Feedback is an investment, not a gift.
How leaders think about feedback matters a lot. I would like to propose a simple change to a common mindset. While I liked the “feedback is a gift” metaphor back in the day, I now much prefer, “Feedback is an Investment.” Let me tell you why and see if you concur.
For a long while, I have heard leaders talk about feedback being a gift. I liked the idea, and teaching people to receive feedback with grace flowed easily. “Sometimes,” I would say, “feedback is wrapped like a Tiffany box and sometimes it’s wrapped in newspaper. Either way, say thank you.” That worked. It reminded people to make the giving of the feedback a positive experience for the giver. It also made the giver feel generous.
That turn of phrase served us well, but it doesn’t get us far enough.
Why “Feedback Is an Investment” Is Better: No Perfect Deals, No Perfect People
One of the best things about working with very smart people is seeing how they think. An engagement with private equity (PE) professionals a few years back got me thinking differently about feedback, and that shift started with one comment: “Just like there are no perfect people,” a general partner told me, “there are no perfect deals.”
In collecting feedback for PE professionals, it became clear that part of making the leap from Vice President to General Partner was developing and demonstrating an investor mindset, balancing risk and reward, with a skillful drive toward the latter. Vice Presidents were often charged with the due diligence phase. What could possibly go wrong in the deal? General Partners had developed capacity to see risk and reward. They could advocate for a deal as well as argue against one. They were tenacious about figuring out how to drive through problems in a deal to get to the upside. They could engage portfolio executives with savvy and humility. Even if they knew the answer, they learned to selectively comment and pick their battles.

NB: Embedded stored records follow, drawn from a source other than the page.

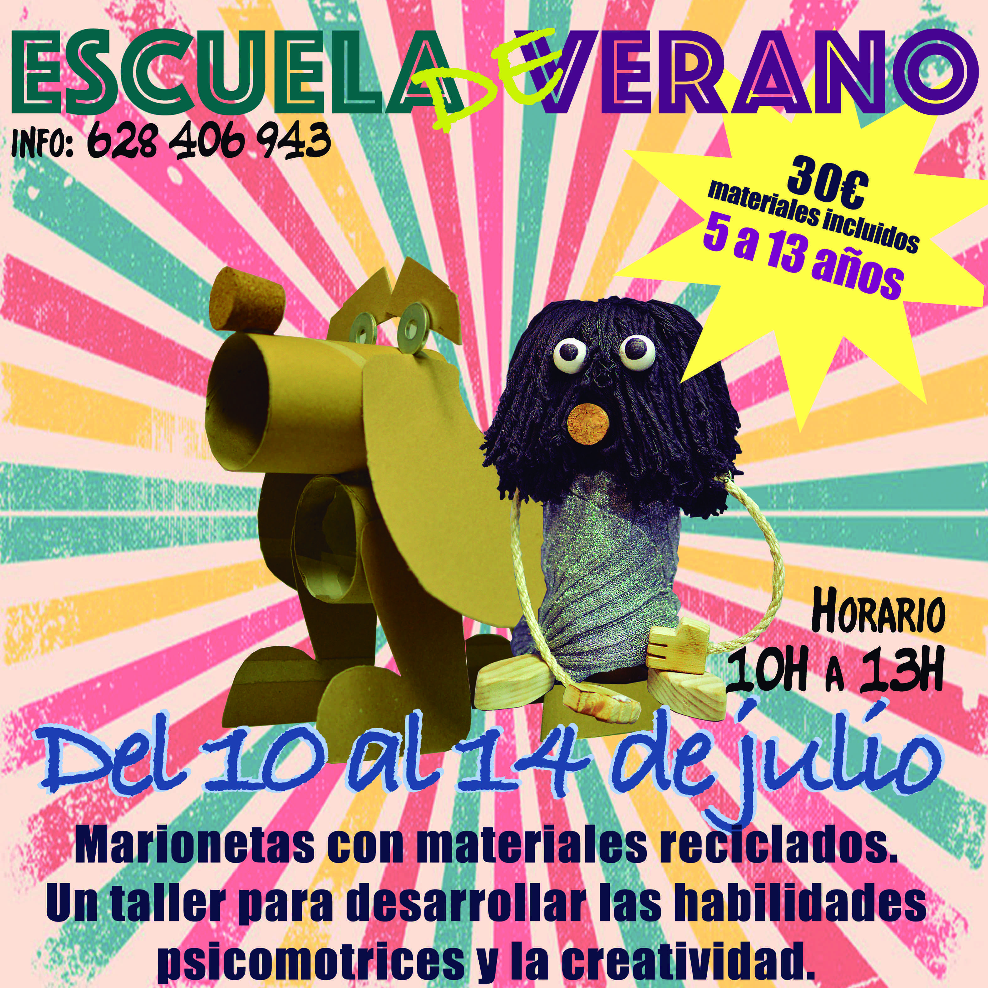 Dentro del marco de la Escuela de Verano, la semana que viene el taller estará dedicado a la creación de marionetas con materiales reciclados. Un taller para niños entre 5 y 13 años, dedicado a fomentar la creatividad y habilidades psicomotrices. Una forma de ocio alternativo con grandes beneficios para los más pequeños.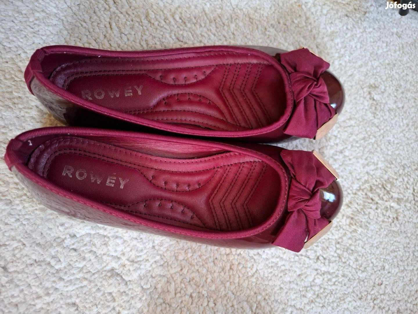 Eladó egy csinos, 38-as, meggypiros, masnis női cipő.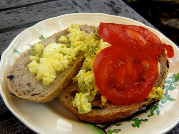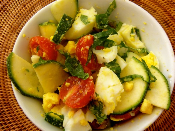 July 16, 2012 • 0 Summer Appetizers, Vegetable Plates, and Simple Lunch Ideas Hard boiled eggs chopped and tossed with cherry tomatoes, raw zucchini, basil, and freshly ground pepper Hard boiled eggs with peppercorns, salt, pepper, and a dash of greek yogurt, topped with garden tomatoes on Howard’s Olive bread Rate this:Share this: Click to share on Facebook (Opens in new window) Facebook Click to share on Pinterest (Opens in new window) Pinterest Click to email a link to a friend (Opens in new window) Email Click to print (Opens in new window) Print Click to share on X (Opens in new window) X Click to share on Tumblr (Opens in new window) Tumblr Click to share on LinkedIn (Opens in new window) LinkedIn Like Loading... Related Categories: Appetizer, Farmstand Meal, Grilling, Platter, Salad, Side Dish Tagged as: grilled vegetables, Hard Boiled Eggs, Healthy Egg Salad, Healthy Lunch, Pesto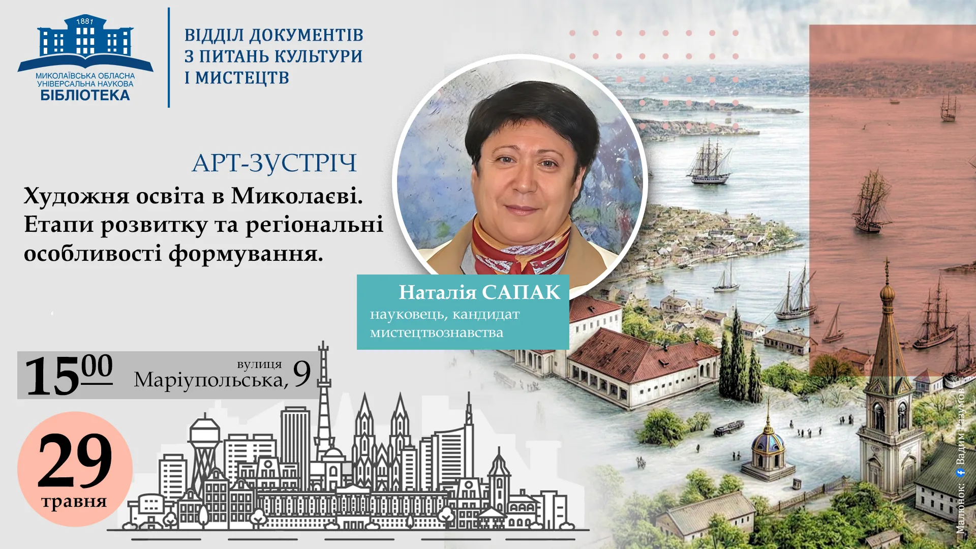 Запрошуємо всіх небайдужих до історії рідного міста до спілкування щодо незвичайно цікавої теми – історії мистецкого життя Миколаєва. Цієї темі буде присвячена арт-зустріч з відомим науковцем, кандидатом мистецтвознавства Наталією Вікторівною Сапак “Художня освіта в Миколаєві. Етапи розвитку та регіональні особливості формування”.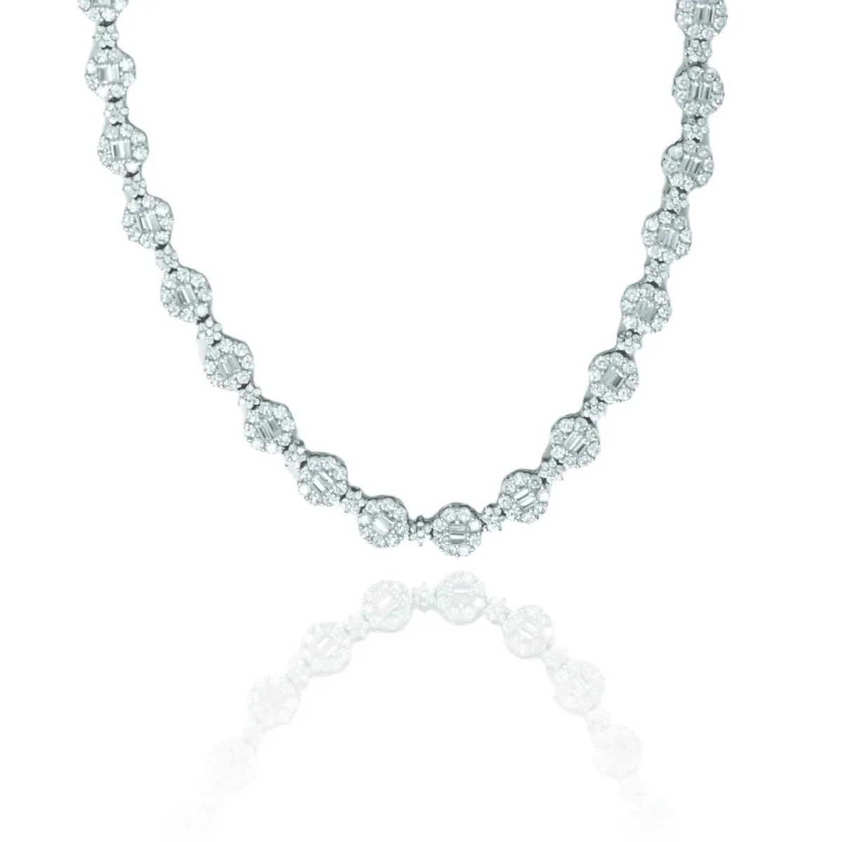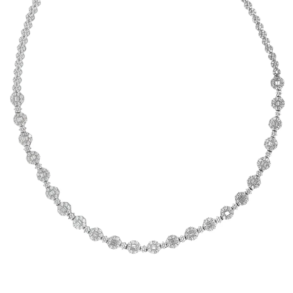 Gargantilla en plata con rosetas en circonitas talla baguette engaste invisible, cierre oculto lengüeta de seguridad

At the risk of oversimplifying, I came to understand that a skillful investor mindset is about seeing what’s wrong and what’s strong, overcoming challenges or problems to get the potential returns, and respecting the executives doing the work.
This strikes me as a much more powerful parallel to people development than gift giving.
A good manager, like a skilled investor, sees strengths, value, risks, gaps, and the person’s potential to add more value. She sees assets that are under-deployed. A good manager can figure out issues or weaknesses without hyper-focusing on them, and work with the team to navigate around or through them. A good manager, like a skilled investor, takes the time to understand what motivates a person – in PE language, “she understands the levers of value creation.” She picks her battles, comments on things that matter (not every little slip-up, but patterns) and focuses, not on being right, but on how to build capacity and enable the team to generate more value.